Sebuah kuil kecil berdiri di mana Minerva menunjuk dengan berbagai barang seperti perhiasan dan alat sihir berjejer.


"Tampaknya menarik. Mungkin kita harus menonton." Kaizo menurunkan dirinya ke pantai.


"Hm?"


Viona menarik lengannya.


"Ada apa?"

__ADS_1


"Tidak, baiklah..." Viona tampak malu saat pipinya memerah dan berkata, "Ka-Kaizo, maukah kamu berpartisipasi dalam ritual itu?"


"Eh?"


Dia tiba-tiba mengatakan itu. Matanya terpaku pada hadiah yang berjejer di kuil.


"Mungkinkah kamu menginginkan sesuatu dari itu?"


"Ya." Viona mengangguk.


"Itu adalah produk dari pengrajin boneka legendaris, Lord Svenjoir. Aku tidak menyangka akan melihatnya di tempat seperti ini."


Entah bagaimana, sepertinya dia menginginkan boneka naga besar itu.


"Hadiah tempat kedua, baiklah!" Kaizo mengangguk dan menggenggam lengan Viona.


"A-apa yang kamu lakukan!?"


"Kamu mau boneka itu, kan? Kalau begitu ayo kita ambil."


"Aku, apa tidak apa-apa!?"


"Ya. Jika kamu dan aku berpasangan, tidak ada yang bisa membandingkan."


Kaizo mengacungkan jempolnya dan Viona mengangguk dengan gembira.


"Oh, tentu saja!"


****


POV : Tiana Von Eldant


_____________________________________


Pada waktu itu. Di hutan dekat danau, Eve dan Tiana yang kehabisan nafas ada di sana.


"Kaizo, a-akhirnya kami berhasil menyusulmu!"


Eve yang terengah-engah dan Tiana yang seluruh tubuhnya terbungkus aura hitam, sampai di tempat Kaizo.


"Fu, fufuu, datang ke kolam dengan seorang gadis, kamu tidak bisa membuat alasan apapun sekarang."


"Ah, sepertinya dia akan memasuki danau bersama Viona."


"Apakah mereka berniat untuk berpartisipasi dalam «Festival Roh Air»? Tapi kenapa?!"


Dan deretan hadiah di kuil memasuki penglihatan Tiana yang memiringkan kepalanya.


"Itu adalah..." Mata gelap pucatnya melebar.


Hadiah kelas atas menghiasi bagian atas kuil. Itu adalah sebuah hadiah untuk seseorang keluarga kerajaan Eldant, itu adalah hotel kelas tertinggi di «Wind Palace».


"Masukkan tiket untuk «Istana Kerajaan»?"
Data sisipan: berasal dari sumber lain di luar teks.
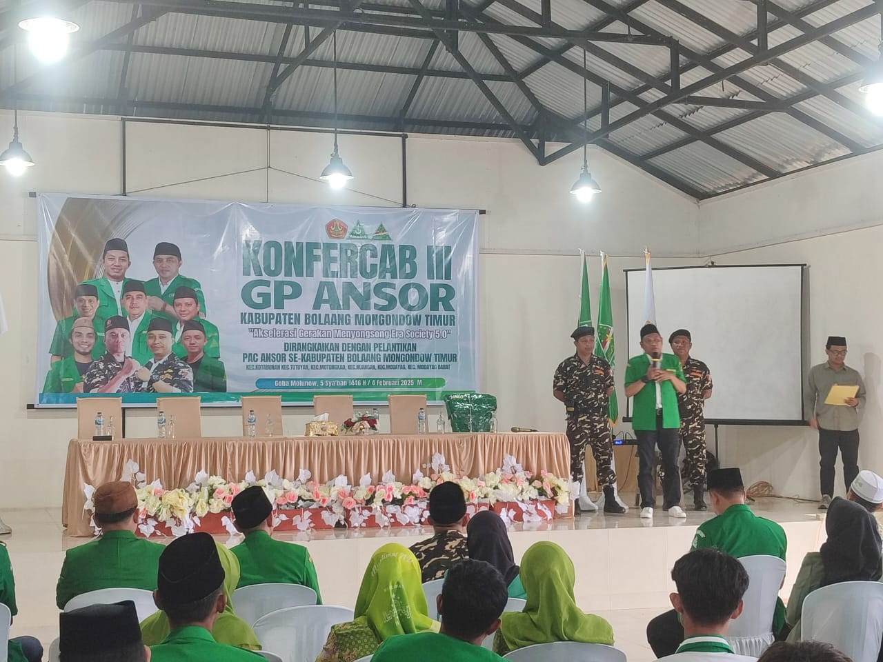 Struktur Pimpinan Cabang (PC) Gerakan Pemuda (GP) Ansor Kabupaten Bolaang Mongondow Timur (Boltim) bergeser. Peralihan komposisi ini tersaji dalam Konferensi Cabang (Konfercab) ke-III.

"Apakah Kaizo mengincar itu?"


"Ya, tidak diragukan lagi. Belum lagi gaya pedang biasa, jika kombinasi ace dari perwakilan «Festival Gaya Pedang», mereka sudah lebih dari cukup untuk mengincar kemenangan."


...

__ADS_1


*Bersambung.....


*Note : Cerita ini hanya fiktif belaka. Jika ada kesamaan nama tokoh, tempat kejadian, ataupun cerita, itu adalah kebetulan semata dan tidak ada unsur kesengajaan.